Any even number times any other number is always an even number. An odd number times an odd number is always an odd number. An even number plus an even number is even, and an odd number plus an odd number is odd. An even number plus an odd number is odd. An even number is not odd.

A perfect number is one such that the sum of its factors is equal to itself, not including itself.

Conjecture: There are no odd, perfect numbers.

Proof by contradiction:

Let $n$ be a odd, perfect,square number. Its factors can be represented as a list: $$a,b,c ..... ,\sqrt n ,....$$ Every factor must be odd, if our assumptions are correct. (Odd * Odd = Odd) Let us call any factor of $n$, $ F$. There is another number that when multiplied with $F$ that results in $n$. $$1\cdot n = n$$ $$a \cdot a' = n$$ $$b \cdot b' = n$$ ... $$\sqrt n \sqrt n = n$$

Take the sums of these pairs, except for $\sqrt n \sqrt n $ and $1\cdot n$. You get: $$E + E' + E''......$$

Since any odd number plus another odd is even. Summing those numbers, we get some number $T$. Now, we see that the 2 remaining factors*, $\sqrt n $, and $1$, sum to an even number. (Odd + Odd is Even) Combining these, we get an even number.

*: $\sqrt n $ is the same as $\sqrt n$. $n$ is not considered a factor.

Since a even number $(T + \sqrt n +1)$ cannot equal an odd number $(n)$, we have proven there are no odd, perfect, square numbers.

Answer 1

Yes, your proof is correct. You have shown that there are no odd perfect numbers that are squares.
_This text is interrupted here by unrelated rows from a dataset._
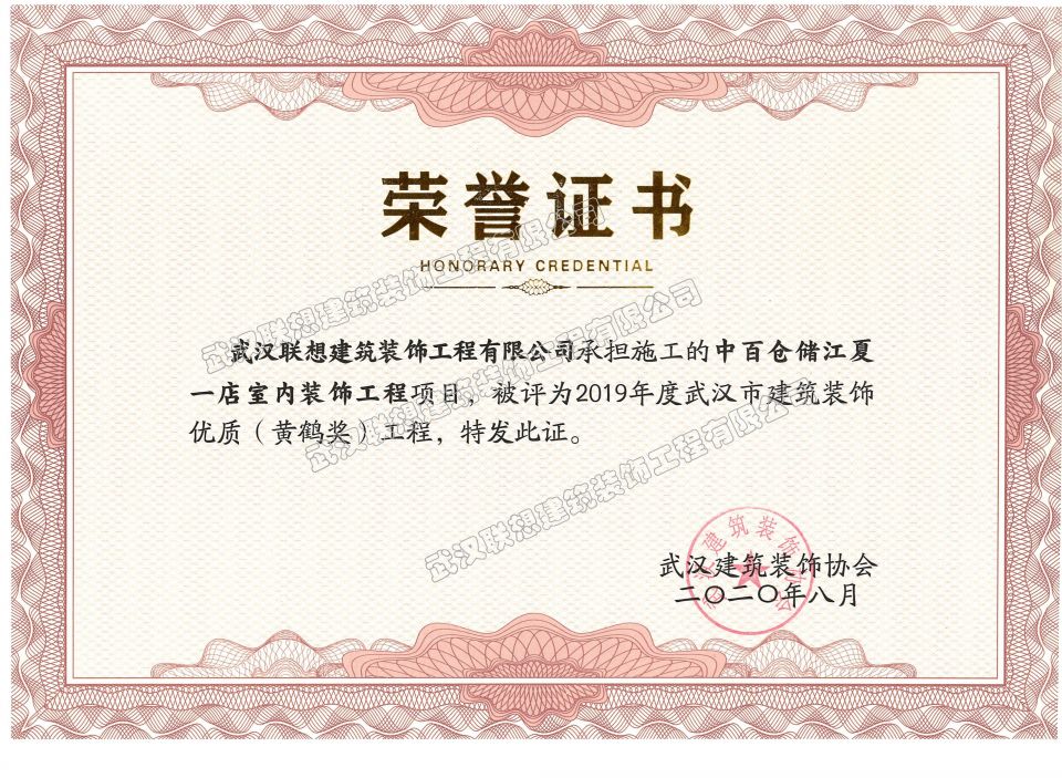 2019年度武漢市建筑裝飾優(yōu)質(zhì)工程黃鶴杯(中百倉儲(chǔ)江夏一店室內(nèi)裝飾工程)
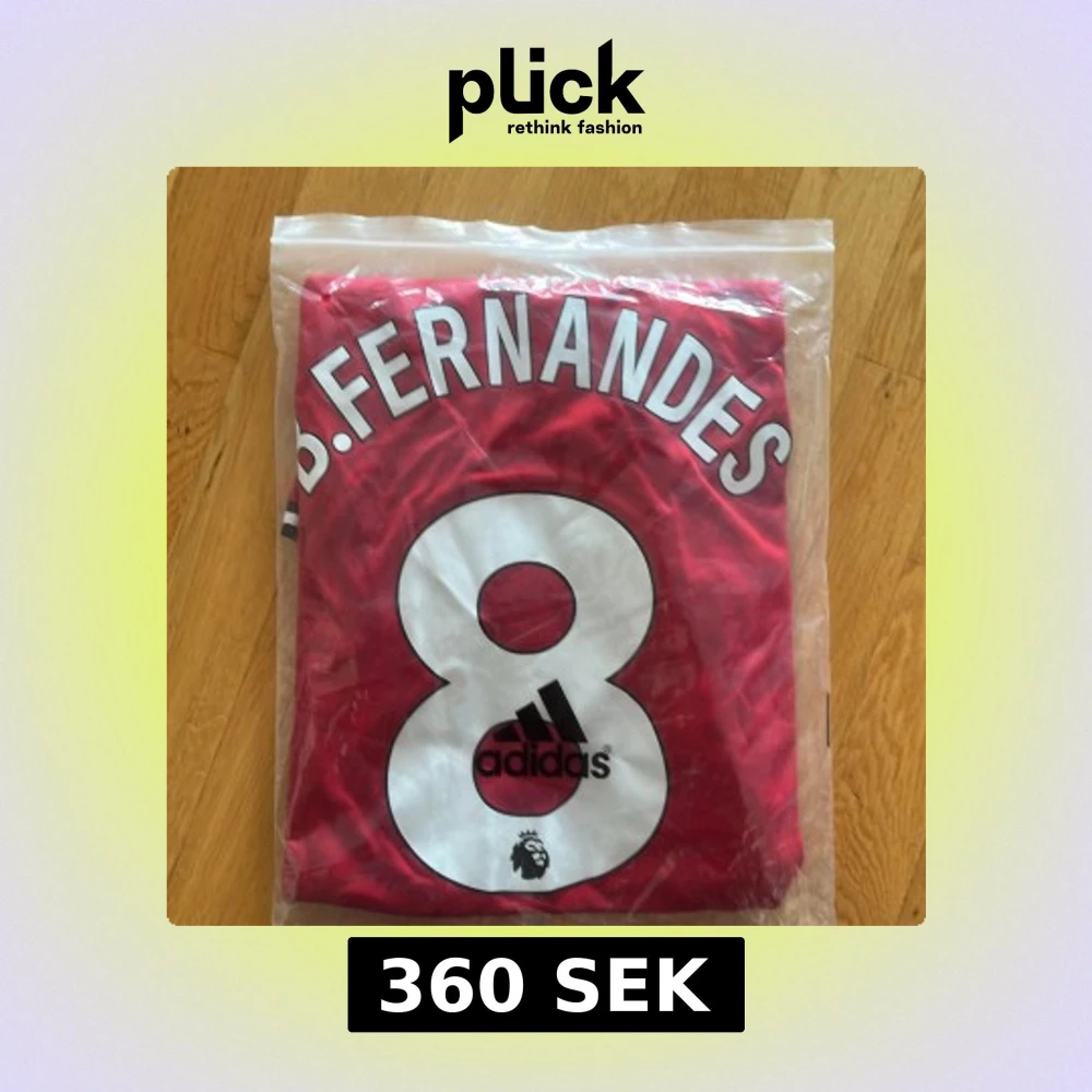 Manchester United matchtröja med Fernandes och nummer 8 på ryggen. Röd med svarta detaljer och vita tryck, officiell Premier League-variant. Adidas-logga, klubbmärke och Snapdragon sponsor på bröstet. Slim fit, V-ringad krage och korta ärmar. Tillverkad i lätt polyester.
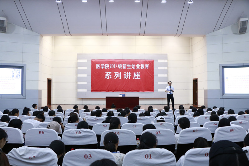 9月6号下午,金沙官网新生始业教育之“院长、书记系列讲座”在铁城科技馆拉开帷幕。金沙2004路线js5院长、校附属第一医院院长郭航远教授给2018级全体新生上了开学第一课“人文是医学之根”。
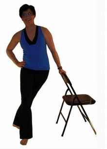2. Put your right hand on your right hip. Then push your left hip towards the chair while keeping your right leg straight.
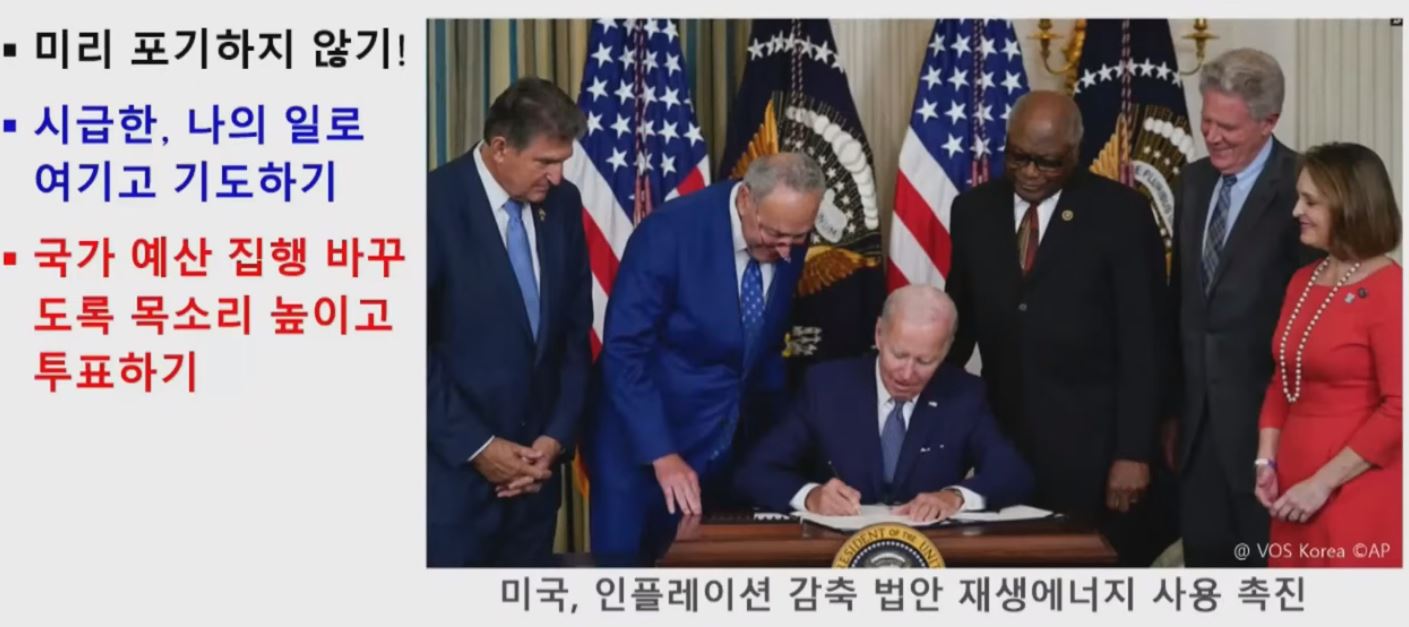 이러한 변화들에서 생각해 볼 수 있는 메시지는 다음과 같습니다. 우선, 기후 변화에 대해 미리 포기하지 말자는 것입니다. 그리고, 내 아이들과 관련된 아주 중요한 일이라고 여기고 기도 제목에 넣으면 좋겠습니다. 마지막으로 국가 예산에 반영될 수 있도록 목소리를 높이고 그런 정치를 할 수 있게 투표를 제대로 하자는 것입니다.

The conjecture that there are no odd perfect numbers remains open.

Answer 2

In case you're interested in a different style proof:

The sum of divisors function, $\sigma(n)$ adjusted to not add $n$ itself, gives for

$$n^2=p_1^{2e_1}\ldots p_k^{2e_k}$$

the value

$$\sigma'(n^2)=\prod_{i=1}^k\sigma'(p_i^{2e_i})$$

(since $\sigma'$ is still multiplicative)

For a prime power, $p^j$ we know

$$\sigma'(p^j)={p^{j}-1\over p-1}$$

Note for $j=2m$ this gives divisibility by $p+1$, since $2|m\implies (x^2-1)|(x^{2m}-1)$, hence $(p^2-1)|(p^{2m}-1)$. But since $n$ is odd, $p+1$ must be an even number, since $p$ must be odd. So $2|\sigma'(n^2)$, so $n^2$ is imperfect.